CIVIL SUIT NO 22-29 OF 1992
3 May 1996

Tort -- Trespass to land -- Alteration to party wall -- Rights of adjoining house owners over common party wall
-- Remedies available

Civil Procedure -- Injunction -- Mandatory injunction -- Principles applicable in granting injunction

Words and Phrases -- 'Party wall' -- Uniform Building By-laws 1984 by-law 2

The plaintiff and the defendant are owners of premises Nos 13 and 11 Lorong Alor Akar 20, Taman Sg Karas,
Kuantan, respectively. The two premises comprised double-storey terrace houses separated by a common
party wall. Between January and June 1989, the defendant concreted the common party wall at the front
portion of the premises without the consent of the plaintiff ('the first renovation'). On 28 and 29 January 1992,
the defendant constructed a concrete structure upon the existing common party wall ('the second
renovation'). The second renovation involved the concreting of part of the common party wall under the car
porch of the defendant's house upward to the ceiling. The second renovation was done without the prior
consent of the plaintiff and approval of the local authority. The plaintiff lodged a complaint with the Majlis
Perbandaran Kuantan ('the local authority') against the second renovation and on 30 January 1992 his
solicitor wrote to the defendant giving the particulars of the complaint. On 1 February 1992 the defendant,
presumably after the receipt of the letter, phoned the plaintiff and apologized and agreed to demolish the wall
after the Chinese New Year. However, there was disagreement between the parties as to when the
defendant should demolish the wall. In view of this disagreement the defendant engaged a solicitor and
applied to the local authority for approval of the work. On 30 January 1994 the defendant obtained the
approval of the local authority subject to the condition that the wall be modified by inserting hollow blocks in
part of the wall as indicated in the approved site plan. The defendant duly complied with the said condition.
The plaintiff applied for an order that the defendant pull down and remove the wall put up by him and restore
the same to its original position or as closely akin thereto. The plaintiff also alleged that the said construction
had impeded and affected his light, ventilation and view.

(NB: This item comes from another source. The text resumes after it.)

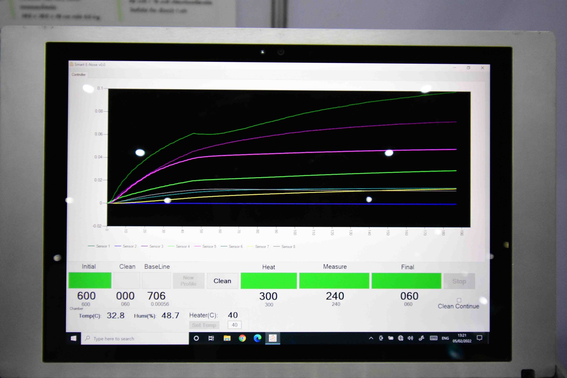 ดร.อดิสร เตือนตรานนท์ รองผู้อำนวยการศูนย์เทคโนโลยีเพื่อความมั่นคงของประเทศและการประยุกต์เชิงพาณิชย์ สำนักงานพัฒนาวิทยาศาสตร์และเทคโนโลยีแห่งชาติ (สวทช.) กล่าวต่อว่า การทดลองใช้เครื่องได้รับความร่วมมือจากสถาบันวิทยาศาสตร์ข้าวแห่งชาติ นำตัวอย่างจากโรงสีข้าวมาทดสอบด้วยนวัตกรรมหอมข้าว : อุปกรณ์ตรวจสอบความหอมในข้าวหอมมะลิ แบบพกพาด้วยเทคนิคปัญญาประดิษฐ์ และเปรียบเทียบกับผลที่วัดได้จากเครื่อง GC (gas chromatography) ซึ่งเป็นวิธีดั้งเดิมที่ทาง สถาบันวิทยาศาสตร์ข้าวแห่งชาติ ใช้ตรวจสอบค่า 2AP ผลปรากฏว่า นวัตกรรมหอมข้าว : อุปกรณ์ตรวจสอบความหอมในข้าวหอมมะลิ แบบพกพาด้วยเทคนิคปัญญาประดิษฐ์ สามารถวัดได้แม่นยำมากกว่า 90%
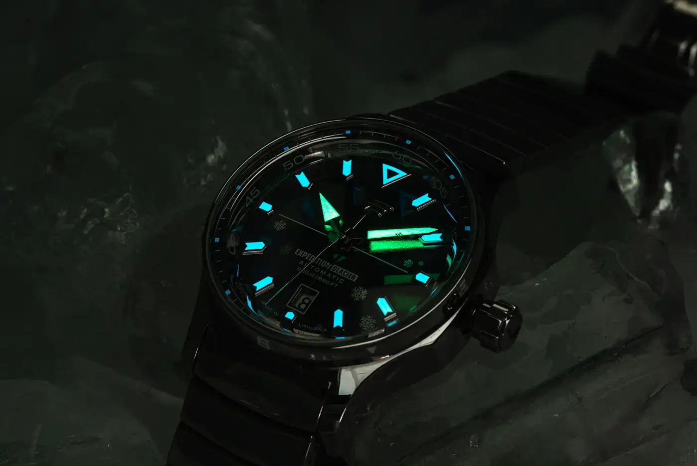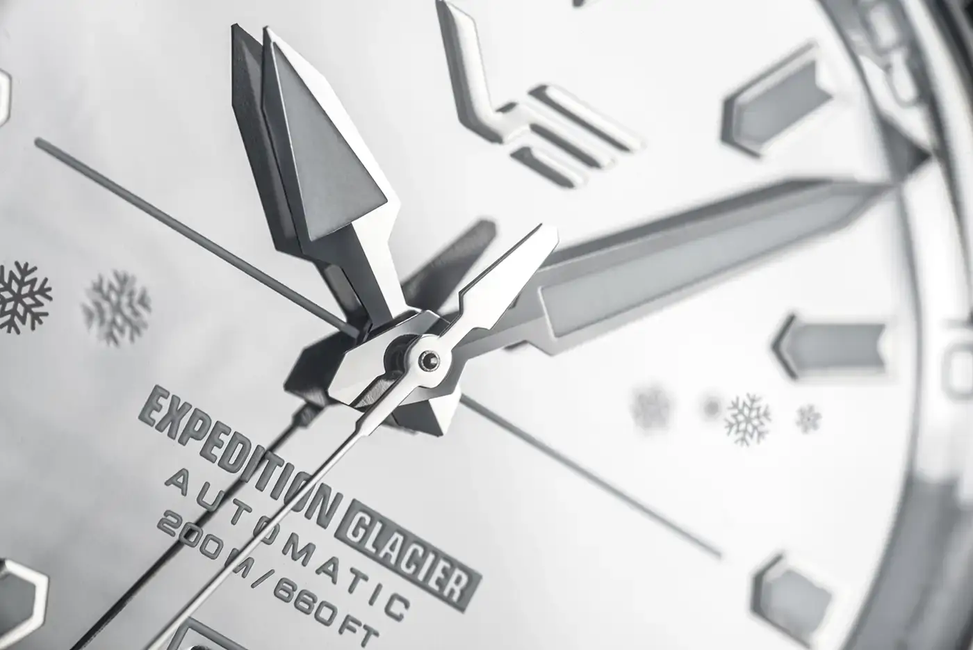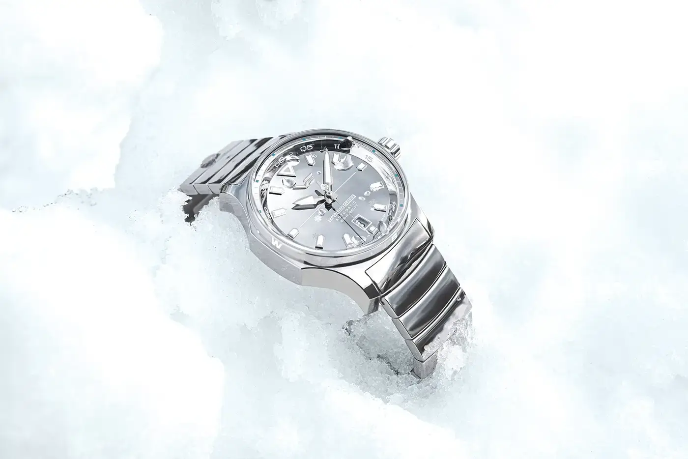 Każda widoczna powierzchnia została w pełni wypolerowana na lustro. Koperta, stalowa bransoleta, tarcza oraz wskazówki odbijają światło szklistym, mroźnym połyskiem, przywodzącym na myśl lodowiec skąpany w pierwszych promieniach słońca. Pod grubym, wypukłym szafirowym szkłem z powłoką antyrefleksyjną znajdują się masywne indeksy i wskazówki pokryte Super-LumiNova®, które zapewniają wyraźną, pewną czytelność po zmroku i w warunkach ograniczonego oświetlenia.

Held, granting the plaintiff's application:

1) The defendant had committed an act of trespass by demolishing the original party wall and
building a new party wall up to the ceiling of the car porch (see p 298F).
1) The common party wall forms part of the land on which it is situated. The party wall is built
on a common boundary which
1996 5 MLJ 293 at 294
ownership is divided between plaintiff and defendant, with each of them owning one half of the
party wall situated on his side of the land. The defendant's action, without the consent of the
plaintiff, constituted a trespass (see p 298D-E).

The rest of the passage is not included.